After all, it was Cecil who had befriended her. Now that she had a job she must return his money as soon as possible, she thought, a trifle drowsily.

“One thing is clear, and that is that it’s high time you were in bed,” he told her, going to the old-fashioned bell-pull and giving it a tug. “We’d better get Mrs. Creed to fix you up.”

He said no more until there was a knock and an elderly woman, who was obviously the Mrs. Creed he had referred to, entered.

“The parlourmaid you hired didn’t turn up, as I expected. And frankly I’m not surprised. Probably she discovered that Longmere is about five miles from the nearest railway station and that the bus passes through only once a week, weather permitting, and got cold feet.”

But the housekeeper’s eyes were fixed on Caroline. “Then who is this—”

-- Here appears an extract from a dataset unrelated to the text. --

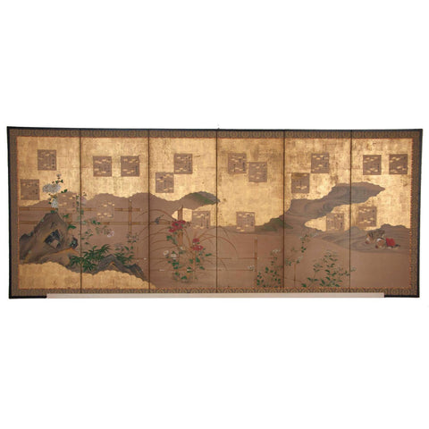 A six-panel Japanese paper screen with poems, autumn flowers, bamboo fence and Mandarin ducks. Poems are believed to be earlier but were probably added.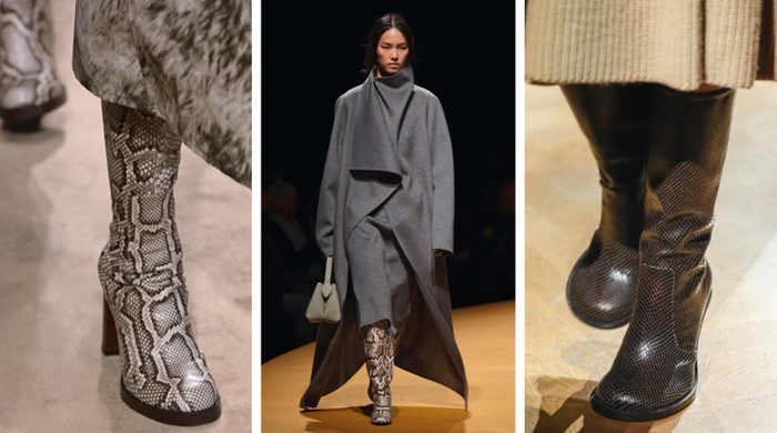 Mùa này, sự xuất hiện dày đặc của họa tiết da rắn đã khẳng định nó như một tông trung tính kiểu mới. Các nhà thiết kế đặc biệt ưa chuộng những gam xám, taupe và nâu. Những màu sắc này đủ trầm để hòa vào bảng màu mùa đông nhưng vẫn tạo điểm nhấn khác biệt.

“This is a piece of flotsam and jetsam I found seated on the station platform. She’ll do nicely instead.”

An ominous tenseness crept into the housekeeper’s face. “You know something of the duties of a parlourmaid?” she addressed Caroline.

“No, I don’t think I do—not exactly, that is,” Caroline faltered. “But I’m willing to learn and—”

“Just what was your former occupation?” the housekeeper asked icily.

“Well, I used to mend broken china.”

This information seemed to amuse Caroline’s new employer—an amusement that was not shared by Mrs. Creed.

“We have no broken china in this house to be mended,” she assured Caroline stiffly.

But by this time it was clear that Randall Craig was growing bored by the situation. “Take this little mender of china away and tuck her into bed for the night,” he ordered. “You’ll be able to find her something to do, no doubt. And many hands make light work, as the saying goes.”